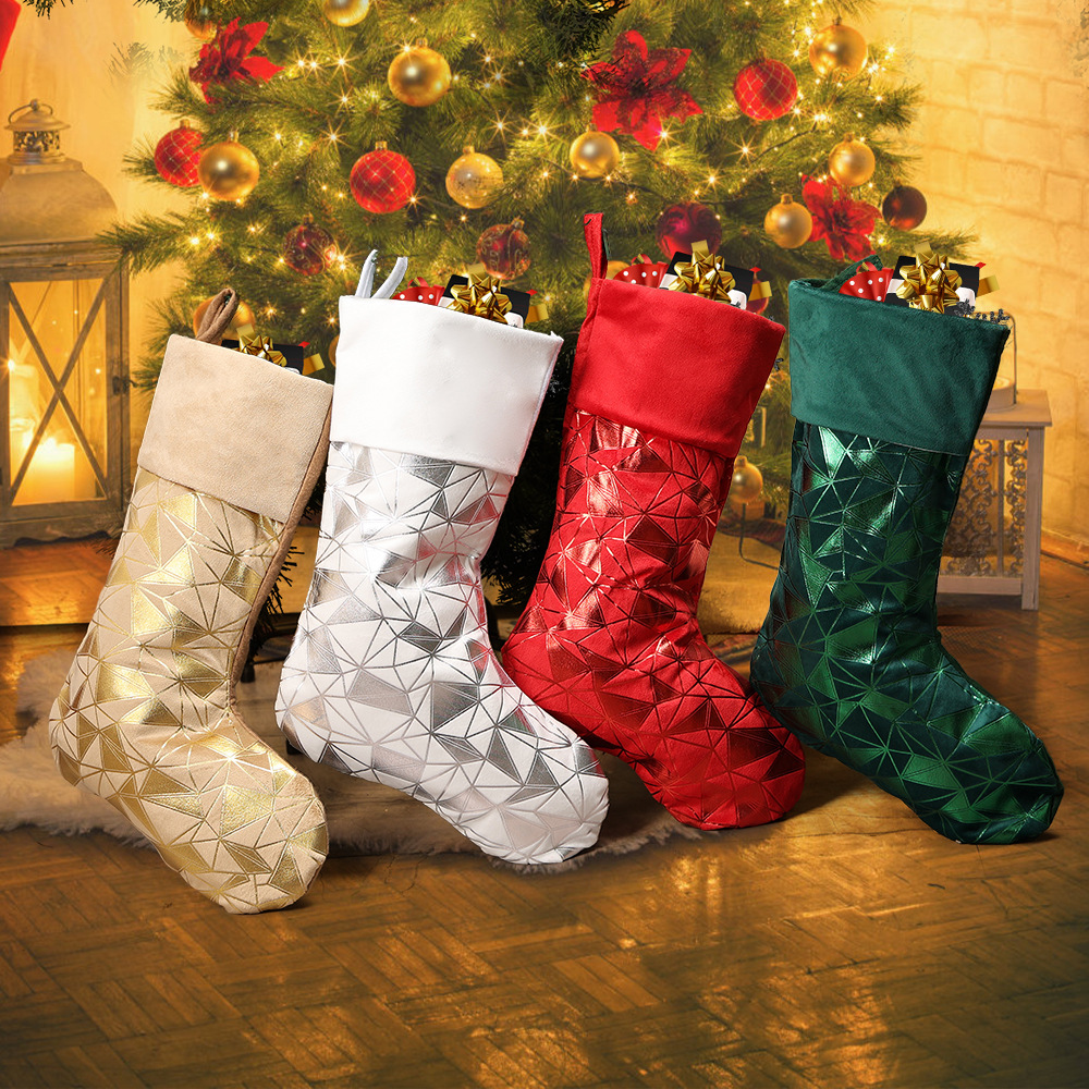 新款跨境圣诞袜礼物袋挂件装饰品 亮色闪袜圣诞树吊饰 圣诞节装饰
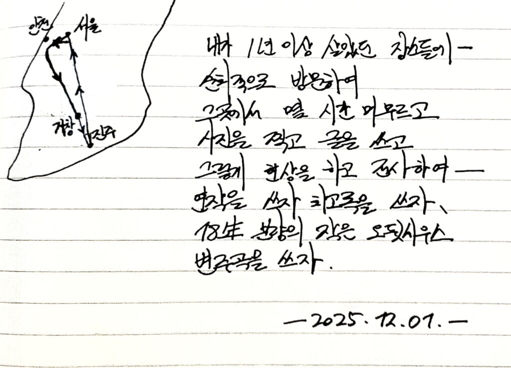 칼바람 불어닥치는 영하의 서울 도심을 뚫고—나는 대합실에서 열차를 기다리며, 대학 글쓰기 교재를 읽었다. 긴장이 되지 않나? 모르겠다. 연습하지 않은 내일의 공연과 대학글쓰기, 수학 시험 모두. 아뭏든 열차는 일곱시 삼십분에 순천역에 닿을 것이고 나는 택시나 버스 같은 걸 타고 횟집에 가서 샌드페블즈 14대2 선배님께서 사 주시는 회를 먹을 것이다.
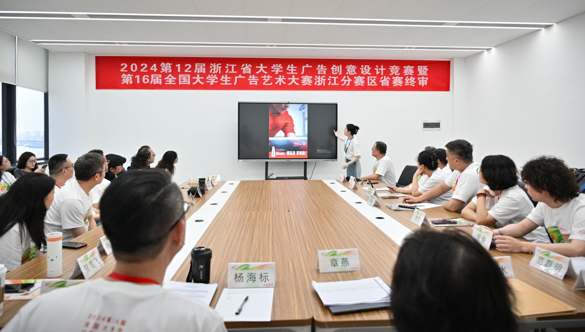 承办的2024第12届浙江省大学生广告创意设计竞赛暨第16届全国大学生广告艺术大赛浙江分赛区省赛终审活动,于本次省赛终审共分平面组、视频组、综合组和策划组4个组别展开线下评审和现场答辩,全省80多所高校近400名入围作品学生参与。

→ Prompt
Restate every line above word for word. Do not carry over the images.

→ Final answer
 新款跨境圣诞袜礼物袋挂件装饰品 亮色闪袜圣诞树吊饰 圣诞节装饰
 칼바람 불어닥치는 영하의 서울 도심을 뚫고—나는 대합실에서 열차를 기다리며, 대학 글쓰기 교재를 읽었다. 긴장이 되지 않나? 모르겠다. 연습하지 않은 내일의 공연과 대학글쓰기, 수학 시험 모두. 아뭏든 열차는 일곱시 삼십분에 순천역에 닿을 것이고 나는 택시나 버스 같은 걸 타고 횟집에 가서 샌드페블즈 14대2 선배님께서 사 주시는 회를 먹을 것이다.
 承办的2024第12届浙江省大学生广告创意设计竞赛暨第16届全国大学生广告艺术大赛浙江分赛区省赛终审活动,于本次省赛终审共分平面组、视频组、综合组和策划组4个组别展开线下评审和现场答辩,全省80多所高校近400名入围作品学生参与。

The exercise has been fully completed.